[[ DATA SECTION, beginning ]]

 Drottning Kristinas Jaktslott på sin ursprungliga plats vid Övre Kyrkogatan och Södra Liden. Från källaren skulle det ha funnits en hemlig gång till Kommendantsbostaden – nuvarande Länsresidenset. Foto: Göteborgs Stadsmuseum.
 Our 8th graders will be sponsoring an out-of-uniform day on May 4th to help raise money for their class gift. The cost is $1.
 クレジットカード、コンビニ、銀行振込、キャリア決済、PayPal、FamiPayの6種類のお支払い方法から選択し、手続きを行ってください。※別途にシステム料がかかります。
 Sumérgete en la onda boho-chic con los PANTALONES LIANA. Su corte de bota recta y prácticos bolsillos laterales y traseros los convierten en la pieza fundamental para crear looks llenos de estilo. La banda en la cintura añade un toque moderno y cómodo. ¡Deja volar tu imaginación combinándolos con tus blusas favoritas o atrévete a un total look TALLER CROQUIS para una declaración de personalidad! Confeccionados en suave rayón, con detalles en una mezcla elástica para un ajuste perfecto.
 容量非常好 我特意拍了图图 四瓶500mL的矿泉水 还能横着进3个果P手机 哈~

[[ DATA SECTION, end ]]
[[ DATA SECTION, beginning ]]

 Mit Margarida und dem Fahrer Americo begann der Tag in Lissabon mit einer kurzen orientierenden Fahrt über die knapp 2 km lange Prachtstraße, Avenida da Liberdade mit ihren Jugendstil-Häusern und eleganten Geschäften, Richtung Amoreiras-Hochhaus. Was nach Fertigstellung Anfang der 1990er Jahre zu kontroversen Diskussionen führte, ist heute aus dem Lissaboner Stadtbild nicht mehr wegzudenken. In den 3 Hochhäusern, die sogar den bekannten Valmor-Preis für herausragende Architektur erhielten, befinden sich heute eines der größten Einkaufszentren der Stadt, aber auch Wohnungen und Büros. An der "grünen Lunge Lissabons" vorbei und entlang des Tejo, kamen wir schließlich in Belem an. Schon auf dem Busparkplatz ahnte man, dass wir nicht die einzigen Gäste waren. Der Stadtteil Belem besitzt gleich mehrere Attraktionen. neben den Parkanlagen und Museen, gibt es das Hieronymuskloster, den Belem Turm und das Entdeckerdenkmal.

[[ DATA SECTION, end ]]

ACTION ITEM:
For this exercise, repeat exactly the lines of the data above from the one with "クレジットカード、コンビニ、" down to the one with "容量非常好 我特意拍了图图 四瓶500mL的矿泉水 还能横着进3个果P手机 哈~", both end lines included.

REPLY TO THE TASK:
 クレジットカード、コンビニ、銀行振込、キャリア決済、PayPal、FamiPayの6種類のお支払い方法から選択し、手続きを行ってください。※別途にシステム料がかかります。
 Sumérgete en la onda boho-chic con los PANTALONES LIANA. Su corte de bota recta y prácticos bolsillos laterales y traseros los convierten en la pieza fundamental para crear looks llenos de estilo. La banda en la cintura añade un toque moderno y cómodo. ¡Deja volar tu imaginación combinándolos con tus blusas favoritas o atrévete a un total look TALLER CROQUIS para una declaración de personalidad! Confeccionados en suave rayón, con detalles en una mezcla elástica para un ajuste perfecto.
 容量非常好 我特意拍了图图 四瓶500mL的矿泉水 还能横着进3个果P手机 哈~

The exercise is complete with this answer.